Today, a fellow fire fighter commented about how relationships are inadvertently based on lies.

He said: “I realise that lies are a big part of human interactions. And the closer we are, the more we lie and hide cos’ we realise the more we have to lose“.

I hate to sound cynical, and to tell him that well, that’s the way life is. But really. People lie in the hope that their happiness will stay uninterrupted for a longer time. Hope and happiness.

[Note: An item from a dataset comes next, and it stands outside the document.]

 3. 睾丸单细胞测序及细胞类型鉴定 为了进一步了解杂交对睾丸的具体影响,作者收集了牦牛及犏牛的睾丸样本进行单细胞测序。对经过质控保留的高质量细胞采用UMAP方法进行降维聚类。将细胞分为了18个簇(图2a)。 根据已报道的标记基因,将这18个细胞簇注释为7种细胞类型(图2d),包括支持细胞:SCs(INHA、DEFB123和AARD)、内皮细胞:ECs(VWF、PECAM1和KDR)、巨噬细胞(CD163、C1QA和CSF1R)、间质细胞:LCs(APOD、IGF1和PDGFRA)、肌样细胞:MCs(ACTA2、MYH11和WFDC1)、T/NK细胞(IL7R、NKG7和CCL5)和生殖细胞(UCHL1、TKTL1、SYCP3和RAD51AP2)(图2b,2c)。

When i was 5, and when my parents separated, every single adult lied. They told me that my father was away on a long work trip. My father himself called to assure me that he was on a long work trip. What they didn’t realise was that i understood, at the age of 5, the Hokkien dialect very well. I knew what happened, and i knew my mum was upset. But at the age of 5, i realised that it was vital for me to lie and to build on the web of lies weaved lovingly by adults around me so that they can maintain a level of normalcy. I can’t explain why i knew instinctively that i had to partake in the lying game but i knew it as surely as i understood that murder is bad and kindness is pure. Adults lied, partly for me, partly cos’ to delude themselves and to make life easier. And so at the age of 5, i learnt to smile, deceive and act like i was utterly clueless. I figured it was all for the greater good.

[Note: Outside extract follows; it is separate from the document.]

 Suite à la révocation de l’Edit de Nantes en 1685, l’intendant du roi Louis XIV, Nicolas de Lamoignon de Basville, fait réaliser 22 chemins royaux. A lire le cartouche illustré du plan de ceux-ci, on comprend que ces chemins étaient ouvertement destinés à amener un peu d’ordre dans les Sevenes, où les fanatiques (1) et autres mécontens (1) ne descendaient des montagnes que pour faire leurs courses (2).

Years later, i bawled while watching Finding Neverland. Kate Winslet was dying and she was lying through her chattering teeth, telling her little boys that she was ok. Those poor kids knew very well that she was pretending, but they indulged themselves in her make-believe so that they could help her pretend that everything was under control.

So there, lying is something we pick up almost subconsciously as little kids, and we pick up that necessary evil from adults. We gradually lose our ability and courage to be completely and wholeheartedly honest simply because we know that we may have nothing to gain and almost certainly everything to lose by telling the truth.